Do you see Oscar potential here? I'm doubtful mostly (and cynically) due to the lack of Hollywood glamour on screen and the lack of American characters. Many well meaning foreign war films are made each year and Oscar rarely takes notice.

What would you like Angelina Jolie to do for an encore? 

Friday
Oct212011

Oscar Horrors: Poltergeist's Polter-ghastliness

Oscar Horrors continues...

HERE LIES... Poltergeist's ghosts and ghouls.  The Oscar loss for Cuesta Verde’s original residents of evil still haunts me to this day. Spielberg’s other 1982 production featuring otherworldly visitation beat Carol-Anne and Company to the FX gold. The restless undead may have lost out on hauling an Oscar back to the Beyond that day, but you never know if they might sooner or later... maybe... come back...

Poltergeist,” stresses the creepy voiceover that ends the trailer, “It knows what scares you.” Thus so, too, do Richard Edlund, Michael Wood and Bruce Nicholson, the scare-mongering trio responsible for its Oscar nominated (and Bafta winning) visual effects. These were the guys (along with 106 other crew members) who threw JoBeth Williams around her bedroom before dropping her into a cadaver-filled watery grave. They scared seven shades of senselessness out of all of us by making us think every clown doll we saw thereafter might very well drag us under our beds. 

They made us believe that our televisions might be conduits for the ‘TV people’ to enter our plane of earthly existence to cause all manner of paranormal activity. Whatever you do, guys, don’t tell us thattelevision is evil!

And that’s in between merely making doors slam shut of their own accord, building near-impossible furniture displays out of possessed kitchen chairs and making unearthly light gush forth from some otherworldly portal-slash-closetspace.
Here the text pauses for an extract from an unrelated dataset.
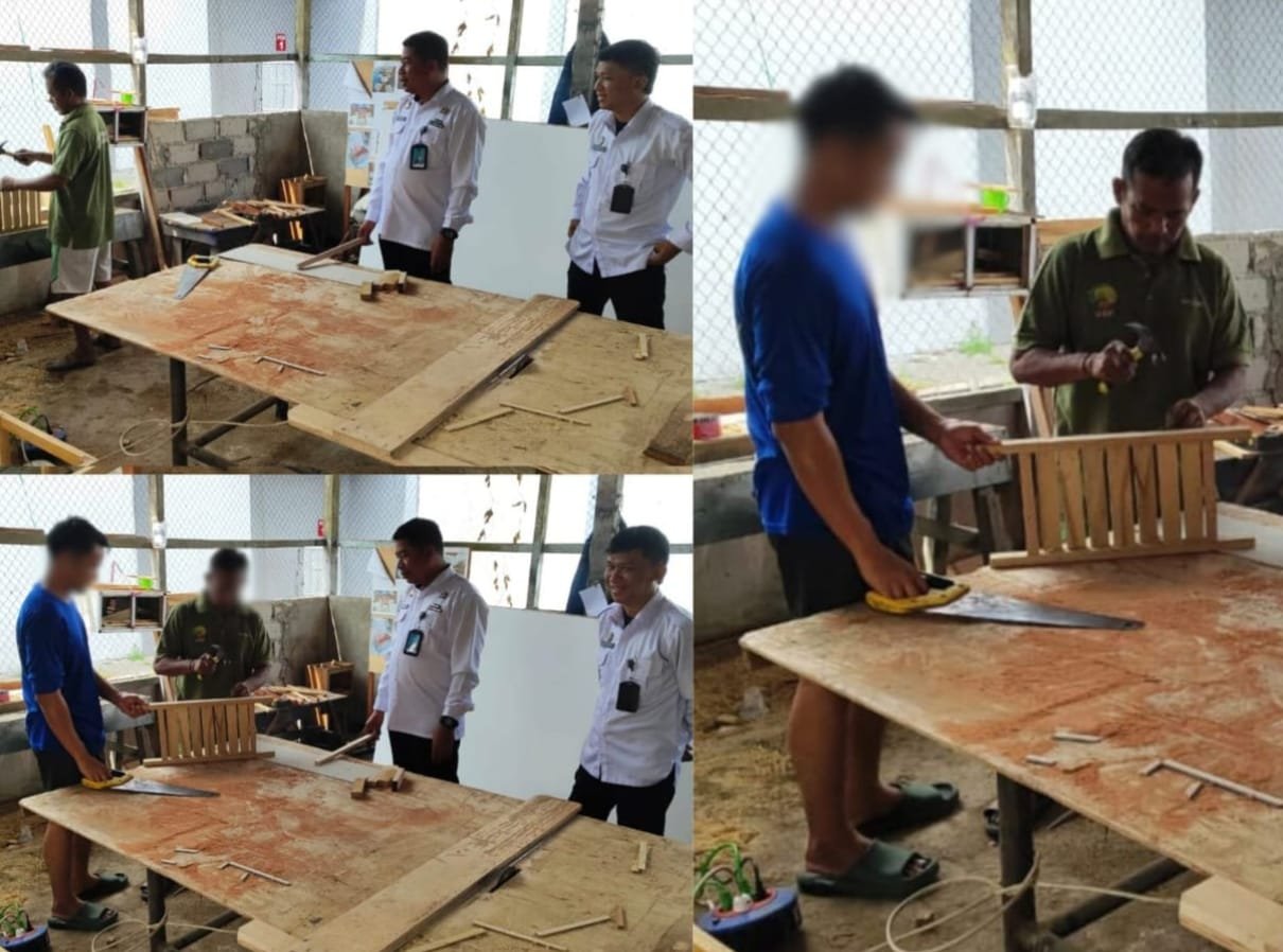 Kasubsi Sarana Kerja Lapas Kelas IIA Banjarmasin, Suratno, melakukan pemantauan langsung terhadap pembinaan kemandirian warga binaan pemasyarakatan (WBP) di bidang meubel pada Senin (20/10).

In short, and to paraphrase Poltergeist’s most famous line: these guys brought ‘“them” here’. I mean, who didn’t think that evil entities were hiding within the unsettling fuzz of the TV static after seeing Tobe Hooper’s family get repeatedly spooked out?

everyday objects suddenly possessed

This is why Poltergeist’s scare tactics work their spell so well. The visual effects team, transposing the imagination of Spielberg and director Tobe Hooper,  took commonplace objects and familiar environments and made them feel odd and uncanny, possessed with unwanted life where none is meant to be. The most effective scares were conjured via the careful, sly and playful subversion of the things we know to be safe and free of fear. That’s the inspired labour of Edlund, Wood and Nicholson’s work - the fruits came via the spectacular spectral show.

However justly celebrated E.T. was, Poltergeist’s ghouls were a marvel of weird and wonderful technical wizardry. They should be remembered for the impact they had on the early 1980s horror map, Oscar win or no. But maybe Poltergeist’s very best visual effect was a living, breathing flesh and blood embodiment of special extrasensory perception? The vocal and attitudinal magic weaved by Zelda Rubinstein as Tangina Barrons was key to all the polter-joy and ghastly-geist. I don’t believe there’s an existing Oscar category for Inherent Spectral Awesomeness. If there were, Tangina would banish all competition to the televisual beyond with one wave of her hand.